“Fluvius” and the dead boy from the Danube – Bavaria

For more than a year, the investigation into the boy found dead in the Danube has been a mystery to the investigators at the Ingolstadt police station. Cooperation with the international criminal police organization Interpol could now bring new investigative successes. The police cooperation of the Free State with Interpol and the 100th anniversary of the organization were now celebrated with a ceremony in the Bavarian Ministry of the Interior. The “Fluvius” case was also a topic at the event.

In May last year, a canoeist discovered a dead boy in the Danube near Großmehring, east of Ingolstadt, Chief Inspector Michael Eiglsperger recalls finding the child. Wrapped in plastic and with a cobblestone on the foot, the child was sunk in the river. The investigators assume a violent crime and have been trying in vain to find out the boy’s identity ever since. It is only known that the body is a boy between five and six years old, who is about 1.10 meters tall and weighs about 15 kilos. Investigators were also able to determine that the boy has type 0 blood. Despite intensive investigations, the boy’s identity remains unclear, reports Eiglsperger.

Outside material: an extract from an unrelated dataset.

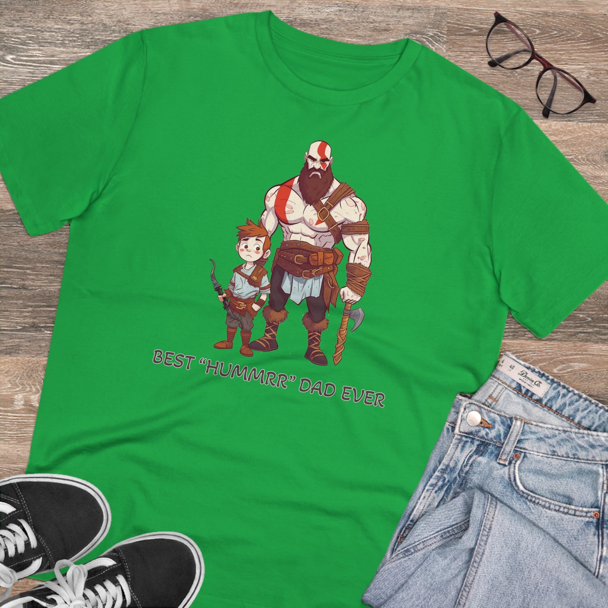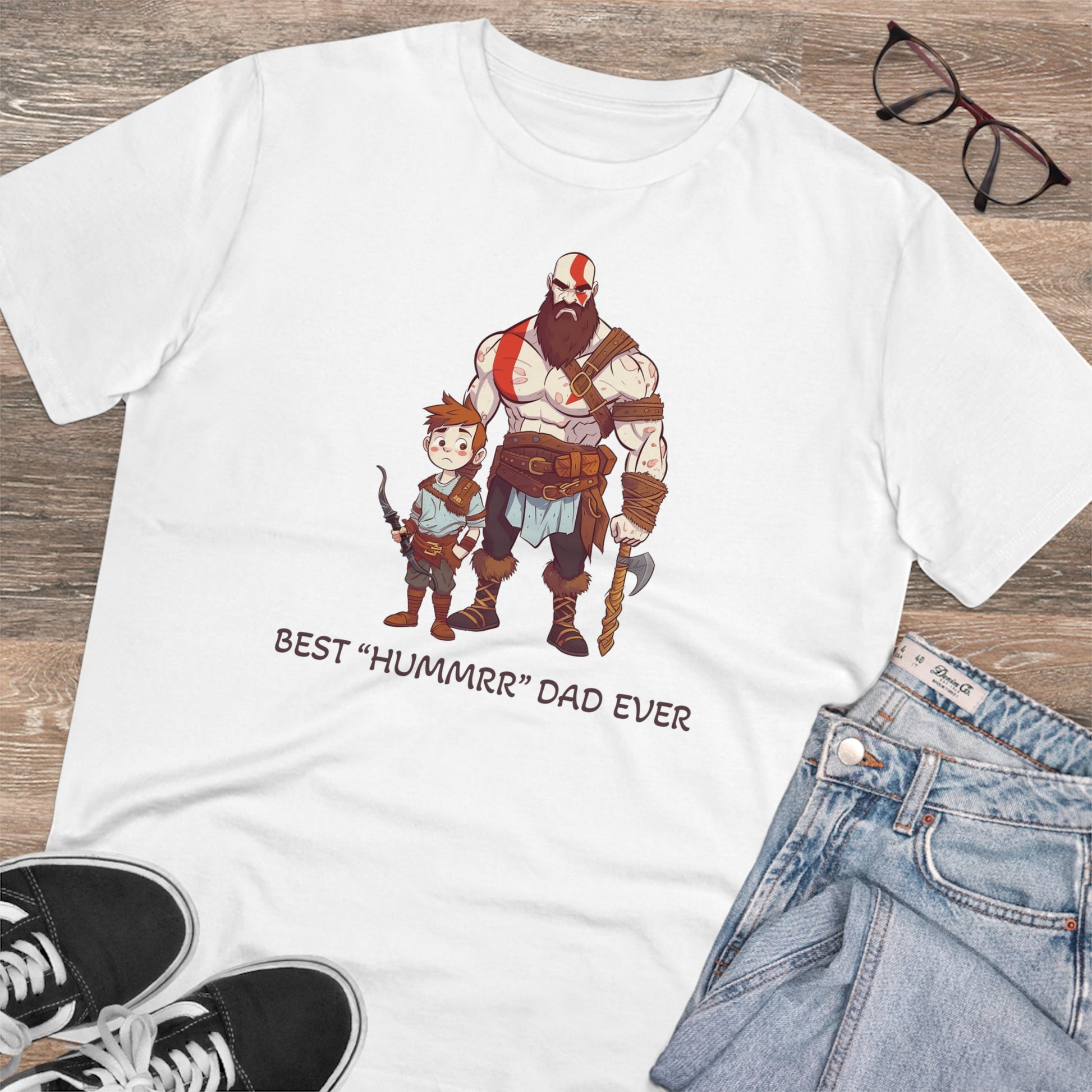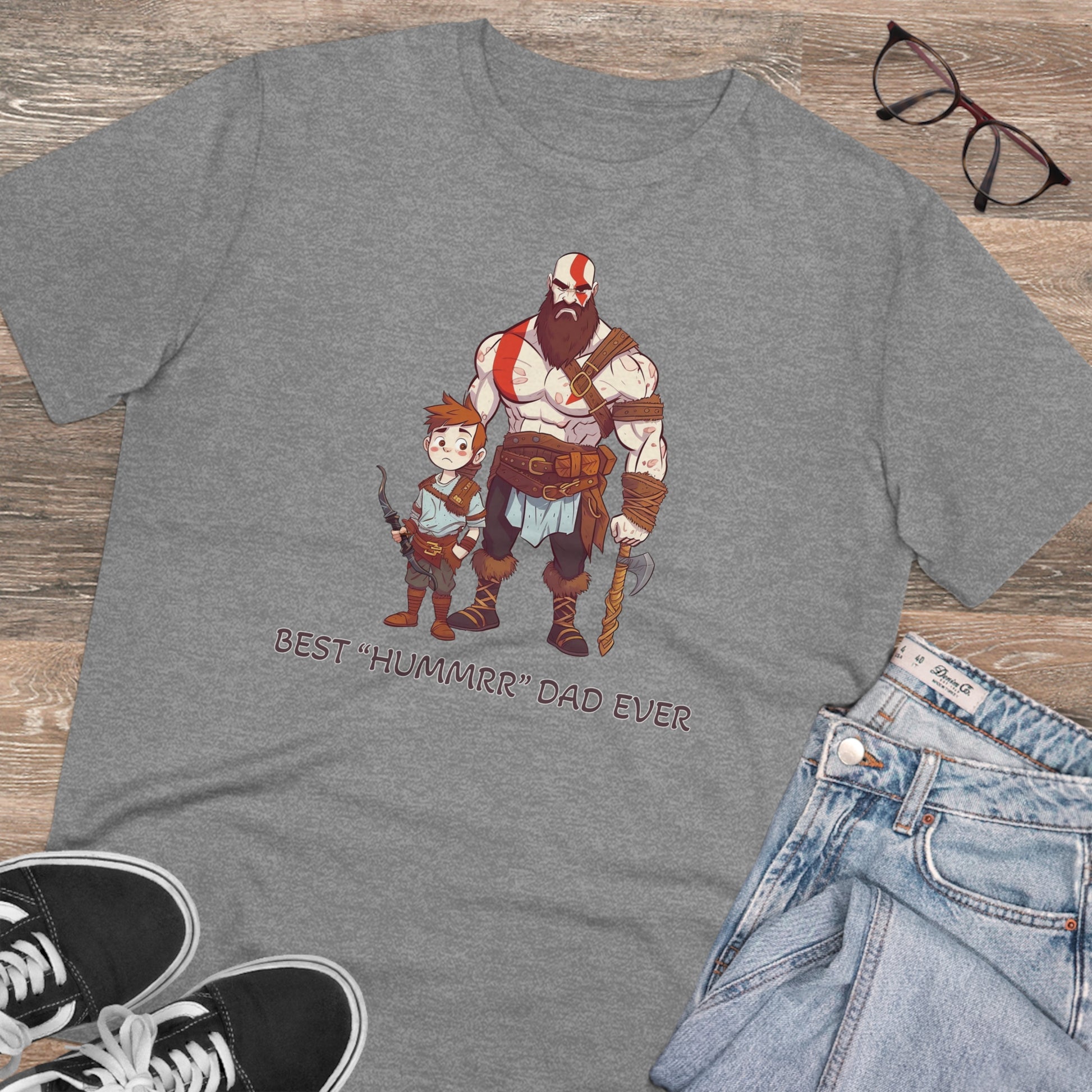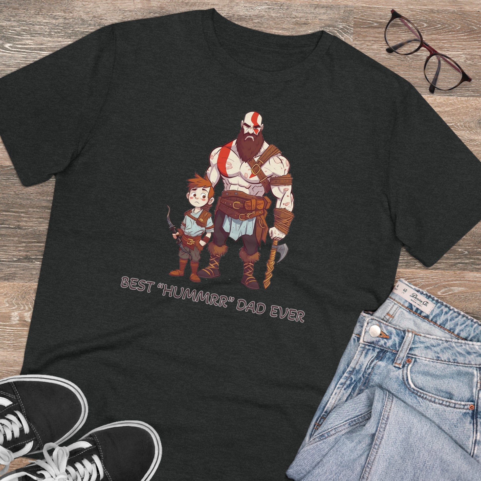 Keywords: Hummrr Dad t-shirt, Father's Day gift, eco-friendly fashion, sustainable materials, Cute Kratos and Atreus design, playful t-shirt, unisex fashion.

The “Fluvius investigation group” is now hoping for new insights from the cooperation between the State Criminal Police Office and the intergovernmental organization Interpol, reports the Chief Inspector. With the help of a facial reconstruction of the dead boy, the boy’s identity is now being sought internationally in addition to the national and regional investigations. At the request of the German authorities, an appeal was sent to Interpol member states for information to identify the dead boy.

Joint searches by the Free State and Interpol have often led to success in the past. The Bavarian police benefit from Interpol, for example, through access to the international property search database. It stores 116 million records of lost, stolen or invalidated passports and identification documents that officers can access when searching for missing persons or fugitives. Interior Minister Joachim Herrmann is therefore “firmly determined to further intensify cooperation with Interpol”.

In the “Fluvius” case, too, cooperation with Interpol should bring about a breakthrough in the investigation. Despite a search by the Federal Criminal Police Office with ads on information screens and a contribution to the ZDF television program “Aktenzeichen XY… unsolved”, the investigators were still unable to report a breakthrough more than a year after the body was found. All of the authority’s capacities will be used to identify the boy, said Interpol Secretary General Jürgen Stock. Anyone who believes the boy may have been a family member can have a DNA kinship match done through national police agencies and Interpol.